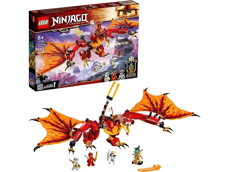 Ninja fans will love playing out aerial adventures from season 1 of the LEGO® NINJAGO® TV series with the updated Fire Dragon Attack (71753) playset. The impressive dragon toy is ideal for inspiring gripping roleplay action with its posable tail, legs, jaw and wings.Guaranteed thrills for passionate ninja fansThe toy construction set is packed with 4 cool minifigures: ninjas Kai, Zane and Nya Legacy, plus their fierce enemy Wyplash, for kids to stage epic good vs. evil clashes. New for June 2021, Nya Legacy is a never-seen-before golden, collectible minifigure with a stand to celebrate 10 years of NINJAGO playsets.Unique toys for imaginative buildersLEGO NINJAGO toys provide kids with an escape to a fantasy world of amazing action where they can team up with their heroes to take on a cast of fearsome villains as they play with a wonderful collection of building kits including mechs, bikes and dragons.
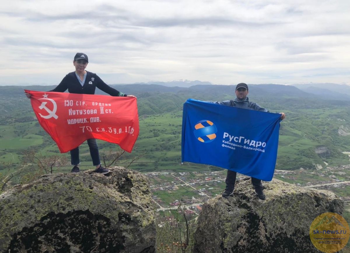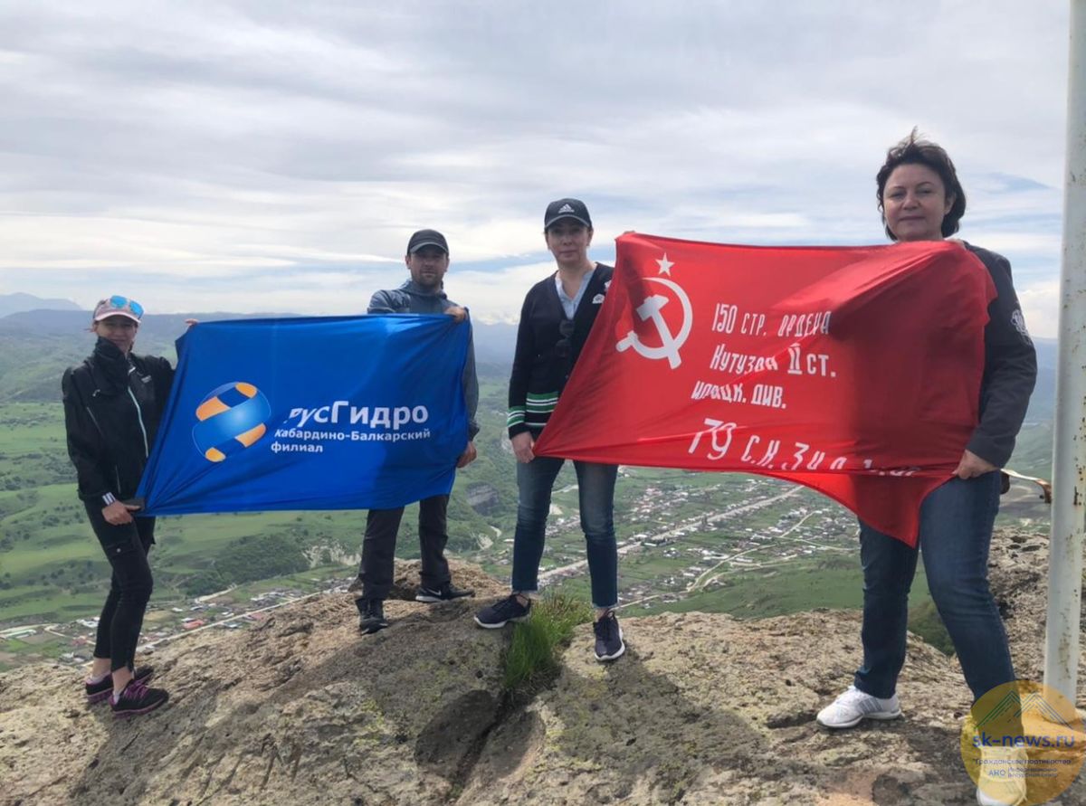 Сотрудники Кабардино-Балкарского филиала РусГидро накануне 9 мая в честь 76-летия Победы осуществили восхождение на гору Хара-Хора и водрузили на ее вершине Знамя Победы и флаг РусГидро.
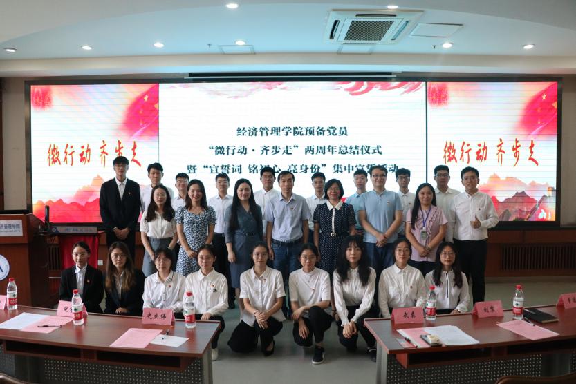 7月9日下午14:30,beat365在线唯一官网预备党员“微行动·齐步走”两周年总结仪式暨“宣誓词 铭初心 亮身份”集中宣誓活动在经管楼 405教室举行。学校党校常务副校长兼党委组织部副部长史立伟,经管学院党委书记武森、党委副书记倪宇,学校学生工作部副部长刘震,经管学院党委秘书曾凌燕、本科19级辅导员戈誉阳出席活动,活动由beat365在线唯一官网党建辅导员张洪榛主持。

::::::::::

▶ Task details
Could you restate all of the data above word for word and skip every picture?

▶ Response to this exercise
 Ninja fans will love playing out aerial adventures from season 1 of the LEGO® NINJAGO® TV series with the updated Fire Dragon Attack (71753) playset. The impressive dragon toy is ideal for inspiring gripping roleplay action with its posable tail, legs, jaw and wings.Guaranteed thrills for passionate ninja fansThe toy construction set is packed with 4 cool minifigures: ninjas Kai, Zane and Nya Legacy, plus their fierce enemy Wyplash, for kids to stage epic good vs. evil clashes. New for June 2021, Nya Legacy is a never-seen-before golden, collectible minifigure with a stand to celebrate 10 years of NINJAGO playsets.Unique toys for imaginative buildersLEGO NINJAGO toys provide kids with an escape to a fantasy world of amazing action where they can team up with their heroes to take on a cast of fearsome villains as they play with a wonderful collection of building kits including mechs, bikes and dragons.
 Сотрудники Кабардино-Балкарского филиала РусГидро накануне 9 мая в честь 76-летия Победы осуществили восхождение на гору Хара-Хора и водрузили на ее вершине Знамя Победы и флаг РусГидро.
 7月9日下午14:30,beat365在线唯一官网预备党员“微行动·齐步走”两周年总结仪式暨“宣誓词 铭初心 亮身份”集中宣誓活动在经管楼 405教室举行。学校党校常务副校长兼党委组织部副部长史立伟,经管学院党委书记武森、党委副书记倪宇,学校学生工作部副部长刘震,经管学院党委秘书曾凌燕、本科19级辅导员戈誉阳出席活动,活动由beat365在线唯一官网党建辅导员张洪榛主持。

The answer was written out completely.